I want to retrain a Transformer model and fine tune it with new data.

My vocabulary will grow and I will update it with : onmt-update-vocab

My model was set to train embeddings in the first phase but I would like to fix them for the retraining, is it possible ?

I guess I will need to extract embeddings from the model, is it implemented in the tf version ?

Thanks,
Valentin

Hi,

If you will update the vocabulary, why would you fix the embedding? Or do you want to only fix the embedding of non updated words?

Hi,

I will retrain my model on a corpus which contains new tokens related to context information like < doc1 >, embeddings for these new tokens depend on the original vocab embeddings.

So I want to extract these vocab embeddings after the first training, calculate the < doc > embeddings and restart my training specifying a file for every embeddings (new tokens + original ones). In fact I do not mind if there are fixed or not, at least in a first step

Is it possible ? Otherwise I would be forced to fix embeddings since the beginning, and it decreases significantly performances (on my transformer_big model)

Thanks

If you want to extract embeddings, it’s not too complicated to inspect the checkpoint files.

See for example this function that maps variable names to their value:

1 Like

Thanks, I managed to extract my embeddings from tf.Variable transformer/encoder/w_embs

It seems they are aligned with my vocab file which is great, but there’s a little thing that annoys me:
When I map the extracted embeddings to my vocab file, there is one more embedding corresponding to nothing in my vocab

I don’t know if it is a additional embedding or if there’s a shift somewhere in my mapping

Any idea ?

The last embedding vector is used for all tokens that are not found in the vocabulary.

1 Like

Thank a lot you for your answers

Regarding the original question, say I’ve trained my model for some steps, I can now extract my embeddings and make some modifications to them (forget about updating vocab, I don’t need it anymore)

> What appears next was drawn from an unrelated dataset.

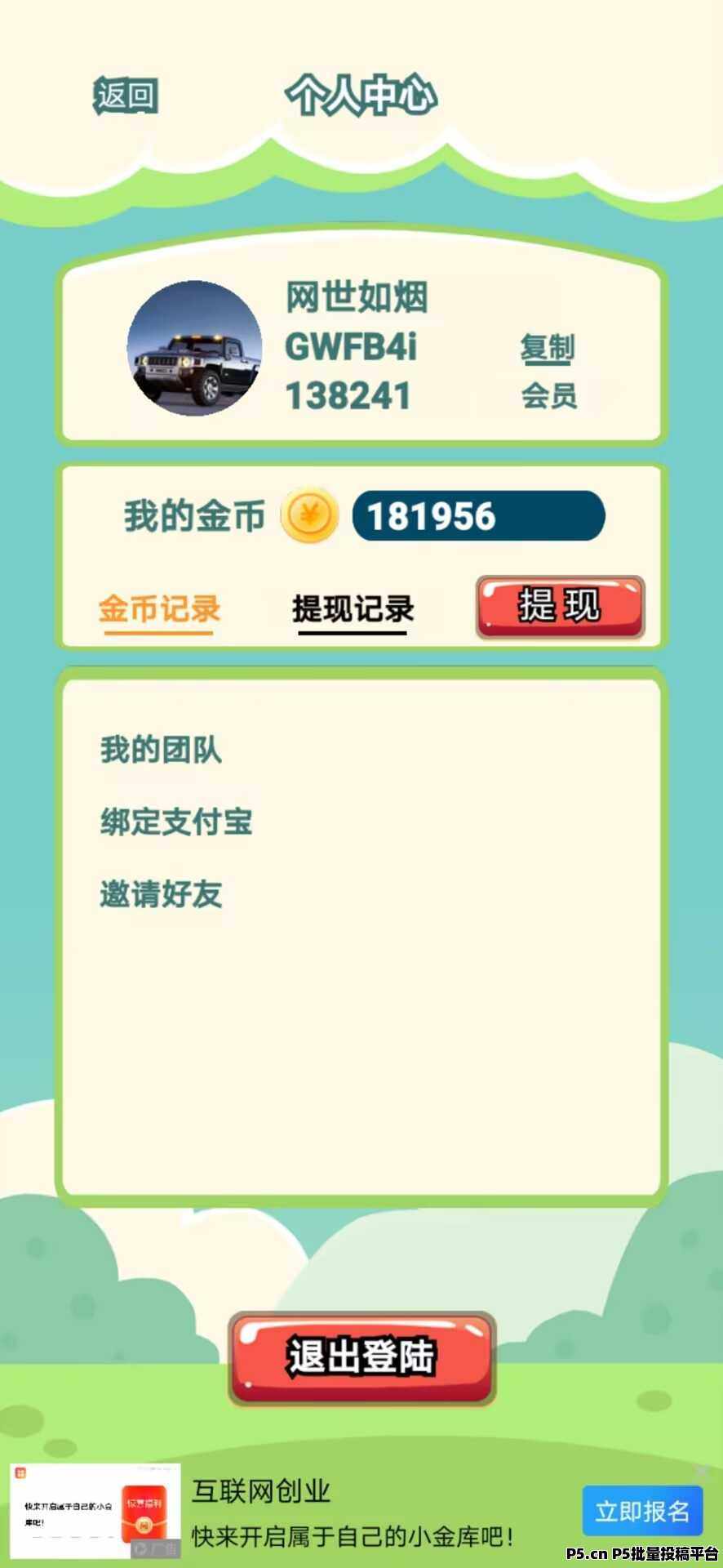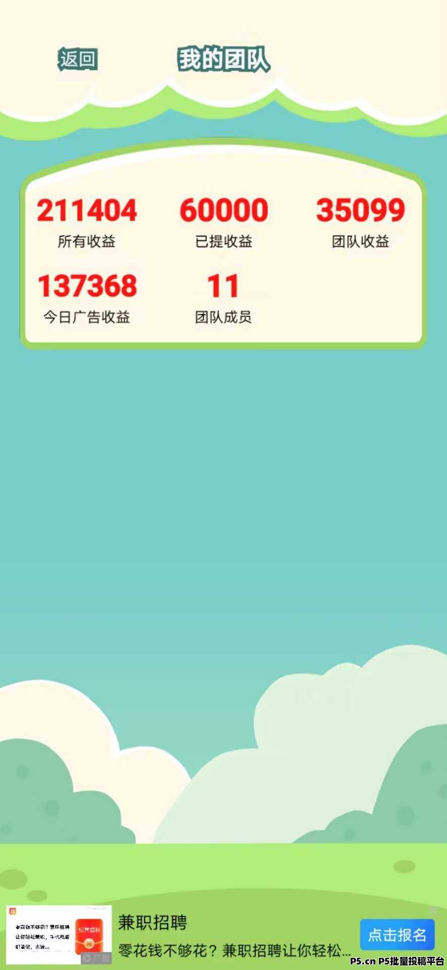 3.上班族,想找一个副业增加一定收入,或者想找一个长期可发展的项目。目前广告掘金还是,蓝海项目红利期,只要有人发广告你就一直能赚钱,很多人都玩过看广告的小游戏,但很少有人知道他还可以赚。抓住机会,敢于做第一个吃螃蟹的人,推广裂变变产生的收益没有上限。

Now I want to restart training for a few steps with my modified embeddings, I have the two following question:

  • Do I need to load my modified embeddings in a similar way I extracted them ? (I guess by modifying my checkpoint in a python script)
  • Can I fix embeddings for this retraining ?

I don’t think there is currently an easy way to change the embeddings mid-training. You can either rewrite the checkpoint or define and run a hook similar to this one to load your new embeddings.

To fix embeddings, you could set the trainable argument in the model definition.

http://opennmt.net/OpenNMT-tf/package/opennmt.inputters.text_inputter.html#opennmt.inputters.text_inputter.WordEmbedder

I decided to rewrite the checkpoint and it works well, thanks

1 Like